Kwesi Appiah (born 12 August 1990) is a Ghanaian professional footballer who plays as a striker for Colchester United, on loan from  side Crawley Town and the Ghana national team.

Club career

Ebbsfleet United
Appiah was born in Camberwell, Greater London, to a Ghanaian father and an English mother. He is a product of the Ebbsfleet United PASE youth system, and graduated to the first team in August 2008. He scored his first goal for the club with his first touch after coming on as a substitute against Woking on 20 September 2008. Appiah missed training in October and after leaving the ground, he failed to report back to the club.

Peterborough United
His disappearance was explained in October, when League One team Peterborough United announced the signing of Appiah, on a three and a half-year deal. The matter was reported to The Football Association, as it was reported in breach of regulations. On 15 December it was reported that the FA had decided that the approach made for Appiah by Peterborough was "not proven" and so no ruling could be made.

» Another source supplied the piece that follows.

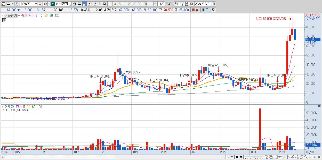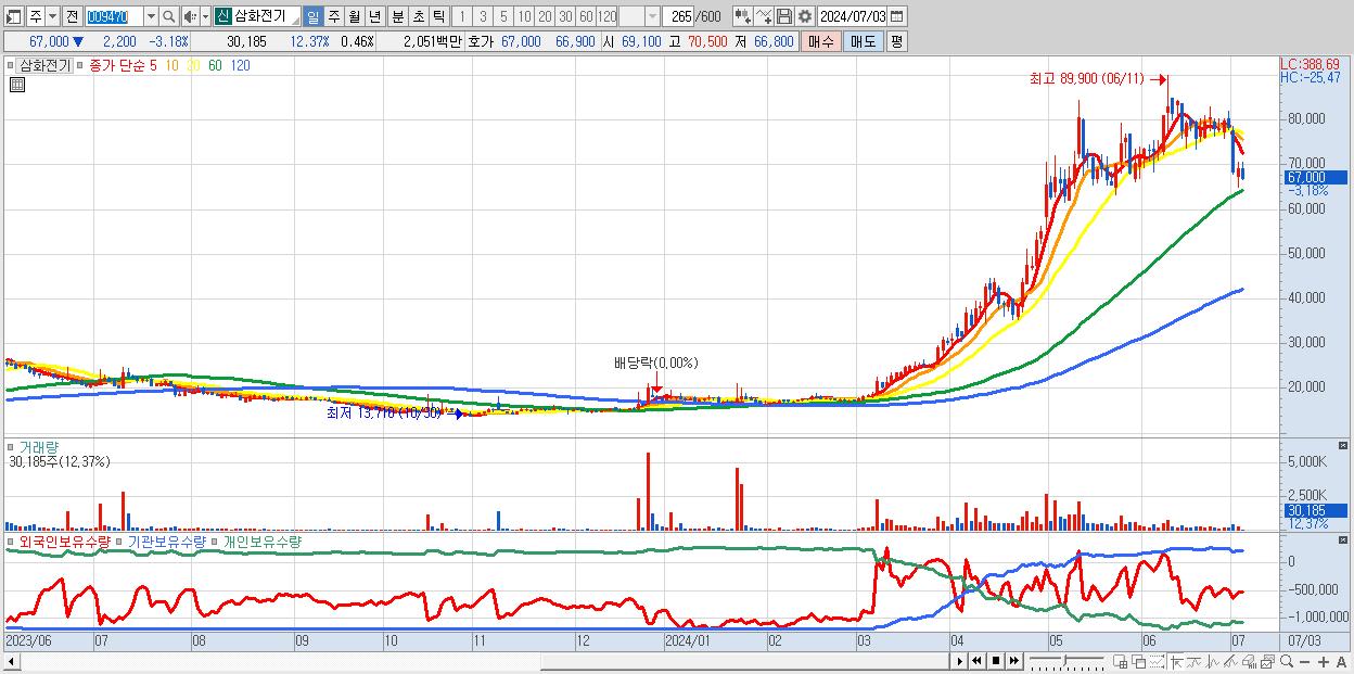 - 삼화전기 (69,200원 , 시총: 4,577억)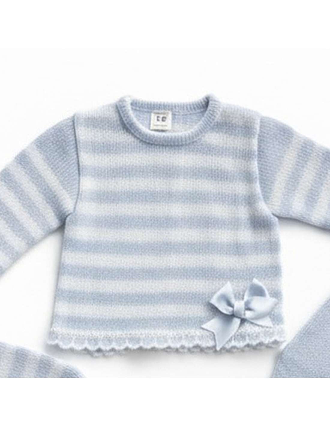 Wool and perle thread 03213C BLUE KNIT BABY SET TWO PIECES BRAND LA CASITA DE PEPITO La Casita de Pepito 03213C BLUE Made in Spain sweater and diaper cover View 0 M 1 M 3 M

Appiah was loaned out back to the Conference with Weymouth in February 2009 and made his debut in a 2–0 defeat to York City. He suffered from an ankle ligament injury that ruled him out of a game against Altrincham, but returned for the 5–0 defeat to Burton Albion. He returned to Peterborough on 20 March. He spent time at Northern Premier League Premier Division side King's Lynn in 2009, where he played 10 games scoring 9 goals, including a hat-trick against Durham City in an 11–0 win. Appiah's loan spell came to an abrupt end when the club was wound up in late-November 2009; this meant their record for 2009–10 was expunged. On 19 January 2010, he joined Kettering Town on a month-long loan.

Return to Non-League
Appiah joined Southern Football League Premier Division side Brackley Town for the 2010–11 season. Appiah then signed a two-year deal with Isthmian League Premier Division side Margate on 25 July 2011. After his great run of form this attracted a number of professional clubs and on 16 January 2012, he was linked with a move to Blackpool, when he claimed Margate had agreed a deal with the Seasiders and stated that he was due to travel to Blackpool for talks with manager, but he later rejected the move as he preferred to move to London. Appiah left Margate having scored 35 goals in 34 games for the club.

Crystal Palace
On 31 January 2012, he agreed his second professional deal to play for Crystal Palace. On 28 January 2013, Appiah joined Football League One side Yeovil Town on a month's loan deal. He made his first appearance for Yeovil in the 2–1 win over MK Dons, coming on in the second half as a substitute for Matthew Dolan.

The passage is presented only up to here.